What happened to Akihabara? A veritable wasteland for ramen in the past, suddenly it seems like every shop I hit there is a winner. The otaku, with their voracious appetite for cute girls in high school uniforms (2-D of course), as well as an equal appetite for grease and carbs . . . could they be developing a taste for variety?
Finding Tsumugi was tough. Be sure to go out the Showa-dori exit (昭和通り口) and you will be headed in the right direction. Akihabara is shiny and confusing. I spent a few minutes on the wrong side, until a nice girl in a maid outfit pointed me in the right direction.
The shop is in a basement of a bank building, by the way.
Tsumugi's best point are the noodles.
さぬきの夢, the dream of Sanuki, can be seen throughout the shop. Turns out that those excellent noodles are 100% Sanuki flour.

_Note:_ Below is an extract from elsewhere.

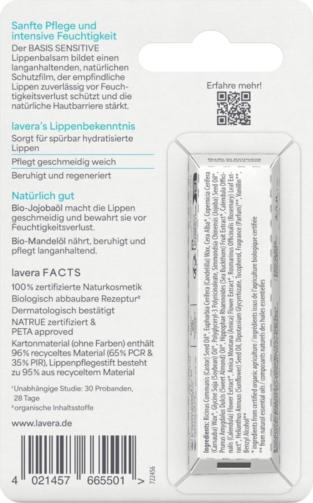 Lavera Балсам за устни Basis Sensitive, 4,50 г

Sanuki, referring to the old name of Kagawa Prefecture, is home to some of the best wheat in Japan. The relatively mild climate along the Seto inland sea is ideal for the production, and the local cuisine reflects this. Of course, 99.9% of Sanuki flour goes into making Sanuki udon.
If you have never had really good udon from Shikoku, you are missing out.
The rest of the bowl works for me. You have 3 choices, the shoyu, the shio, and the tsumugi. The tsumugi is a bit on the sweet and spicy side. Sweet from the abundance of sliced spring onion, and spicy from the addition of both spicy rayu and flavorful sesame oil. Needless to say, there are a lot of flavors for the noodles to grab on to.